Торса негромко пропела:

– Дама выпила вина, стала баба пьяная.

И Моорна невольно улыбнулась. Торса ещё раз осмотрела практически опустевший стол и поглядела на часы.

– Точно уложились. Сейчас за мной приедут. Отец дал мне на сегодня машину с шофёром, чтобы я, – она подмигнула, – оторвалась на полную катушку. Так что…

– Я уберу, уберу, – заторопилась Моорна.

– Успеешь, – отмахнулась Торса. – А я пойду. Не хочу ему показывать твою дверь. На всякий случай.

Они вытащили наполовину опустевшую коробку в прихожую.

– Помочь? – предложила Моорна.

– Вниз всегда легче, чем наверх, – усмехнулась Торса, надевая шубу. – И тебя я тоже не хочу ему показывать. И тоже на всякий случай.

– Да, – кивнула Моорна. – Случаи бывают разные.

– Вот именно. Ты своего, конечно, жди. Огонь милостив. А про брата помни. Я редко ошибаюсь.

– Спасибо, – искренне поблагодарила Моорна.

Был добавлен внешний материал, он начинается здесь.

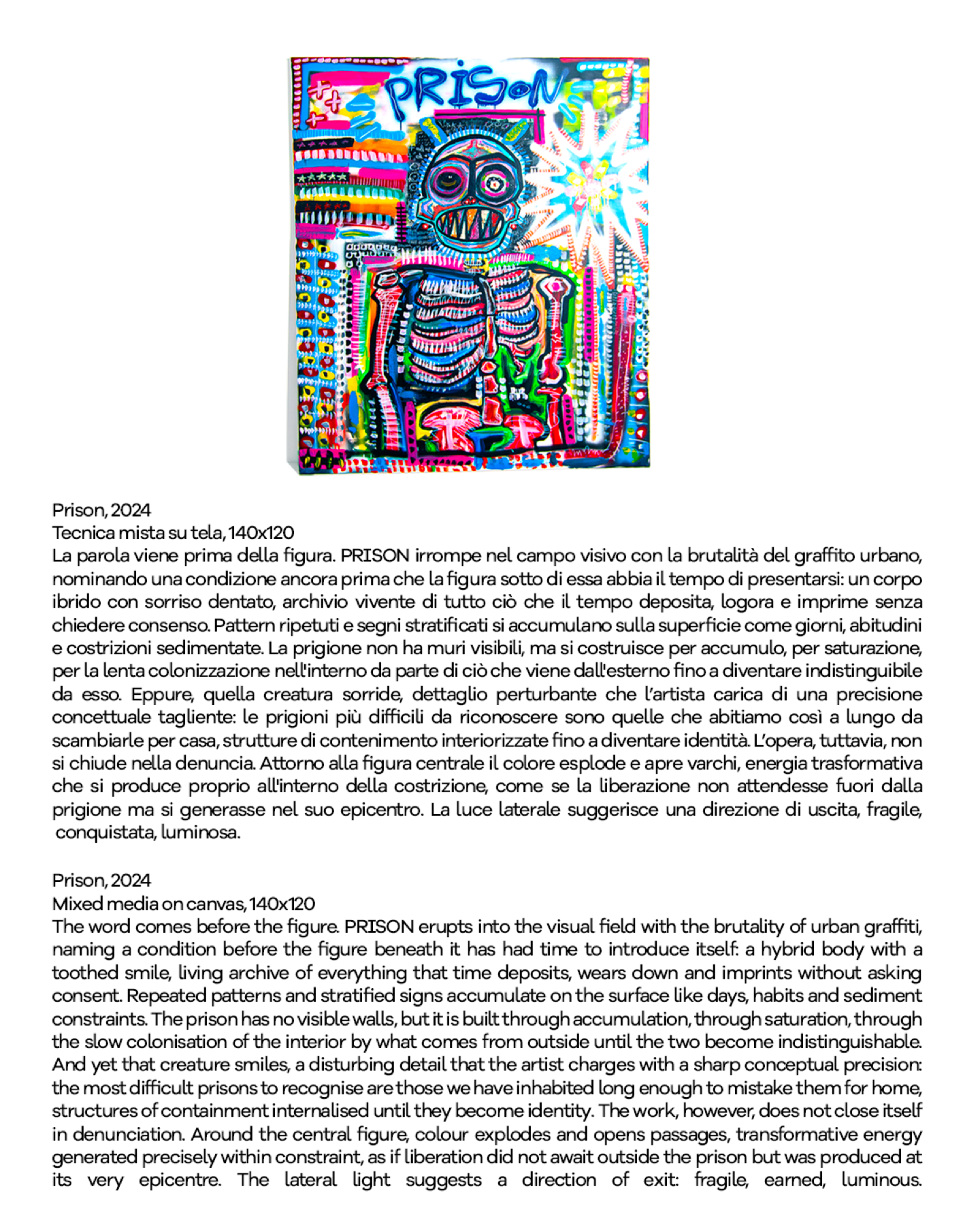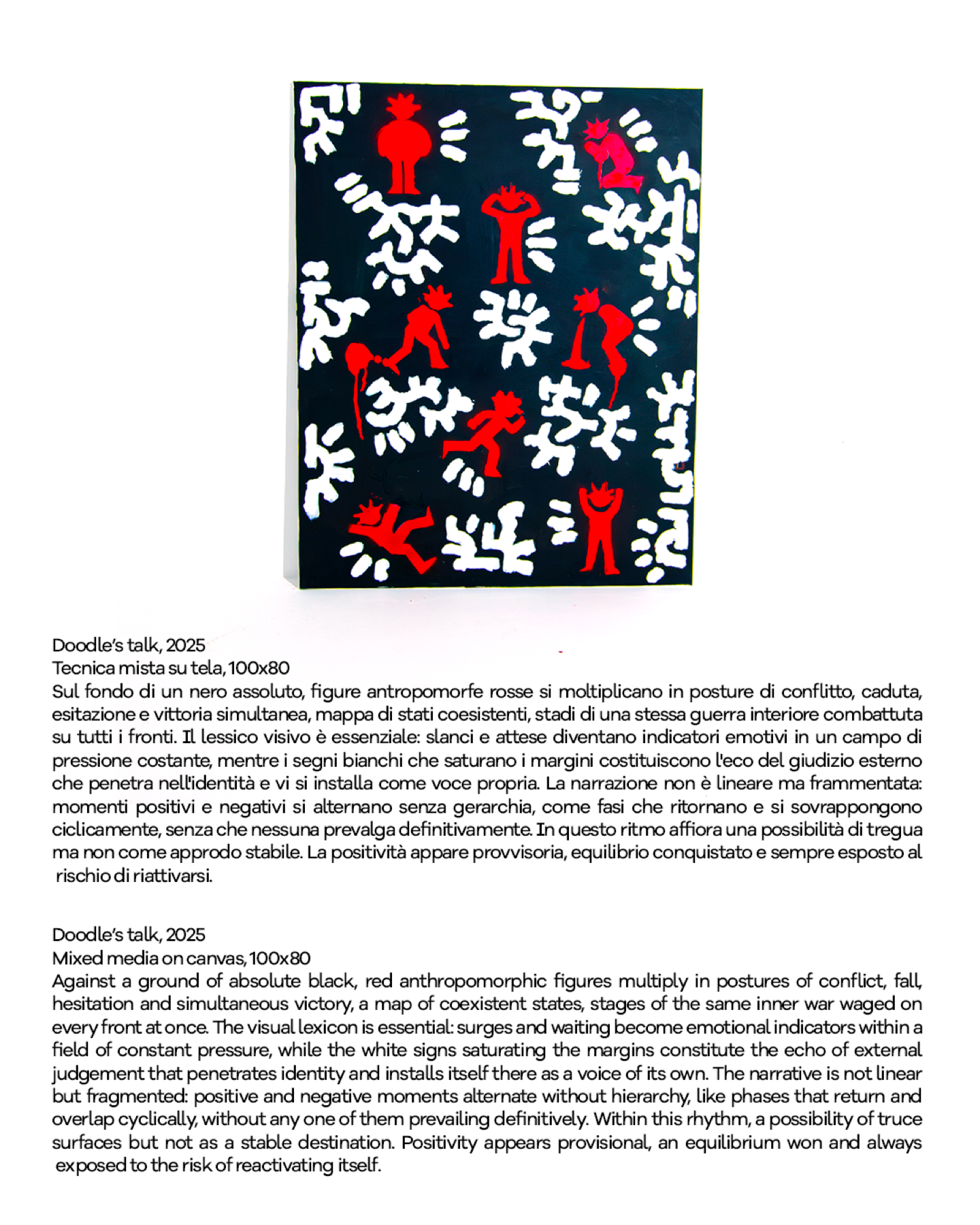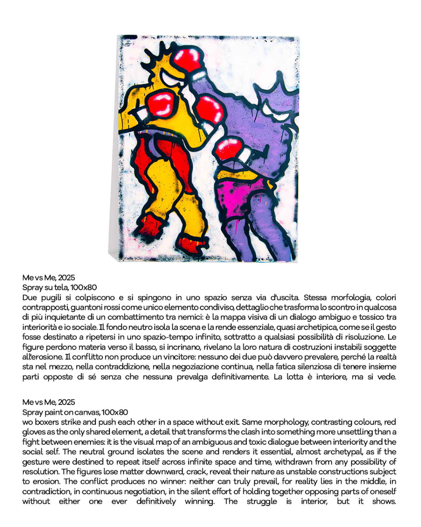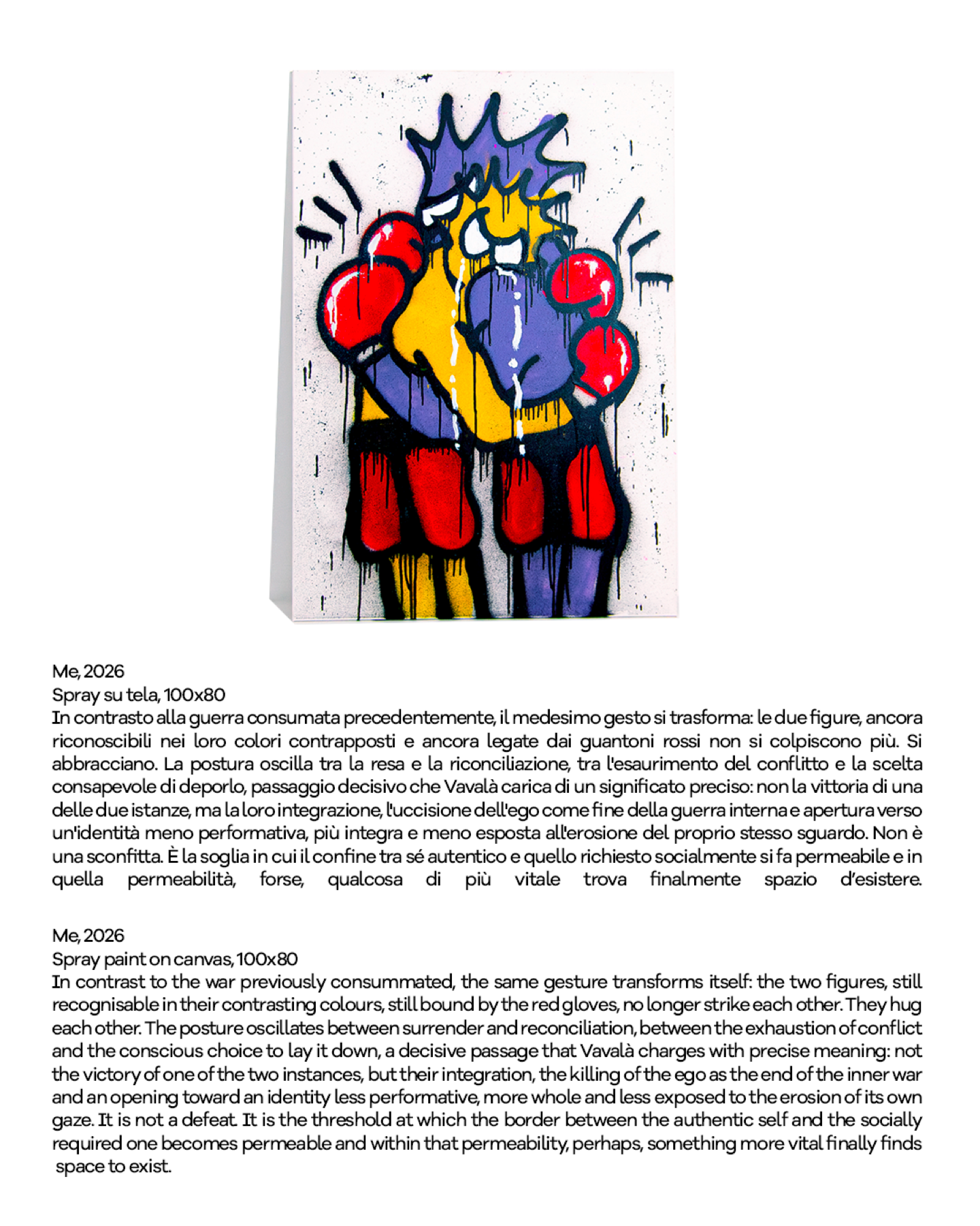 Il lavoro di Davide Vavalà unisce street art e cultura pop in un linguaggio immediato, stratificato e riconoscibile, ampliato da una forte presenza digitale che ha costruito una community internazionale. Con milioni di follower e collaborazioni con brand globali, la sua pratica si muove tra arte, moda e cultura visiva contemporanea. In-betweenness: estetiche dell’incompiuto si configura così come una mostra-manifesto: un invito a riconoscere nel fragile e nel non-finito non un limite, ma uno spazio possibile di consapevolezza e trasformazione.

Они ещё раз обнялись, и за Торсой захлопнулась дверь. Моорна вздохнула, готовясь к самому неприятному: уборке и мытью посуды.

* * *

Аргат. Ведомство Учёта Несамоостоятельного Контингента

572 год

Весна

8 декада

Громоздкую бюрократическую машину очень трудно, фактически невозможно остановить. Именно из-за её громоздкости, когда каждое колесо вращается со своей скоростью и в своём направлении, торможение приводит к разрушению. А вот плавными мелкими поворотами руля можно придать всему движению новую перспективу. Ненужное на новом пути само отвалится незаметно для остальных колёс, колёсиков, болтиков и винтиков. Правда, скрежета, шума и содроганий всё равно будет очень много.

И начинается всё с мелких малозначащих – на первый взгляд – бумажек. Придёт бумажка, её примут, подпишут: «к исполнению» – и спустят на следующий уровень. Там примут, на её основе напишут несколько следующих бумажек, и они пойдут дальше по извилистым коридорам и картотекам.

И каждая бумажка вызывает волну вполне обоснованного брюзжания и негодования. Ведь не по делу, а так – буквоедство. В полном смысле этого слова.

Где-то «наверху» что-то кому-то – только без имён и званий! – засвербит, и, пожалуйста: это же с ума сойти, какая работа.

Глава Ведомства Учёта Несамостоятельного Контингента раздражённо повёл головой, будто ему внезапно стал тесен форменный воротник с шейной звездой. Хотя… при таких обстоятельствах звезду можно и потерять. Полная ревизия контингента с одновременной заменой всей документации! И ни одной новой ставки!!! И какая муха там кого укусила, но деваться некуда. Надо исполнять.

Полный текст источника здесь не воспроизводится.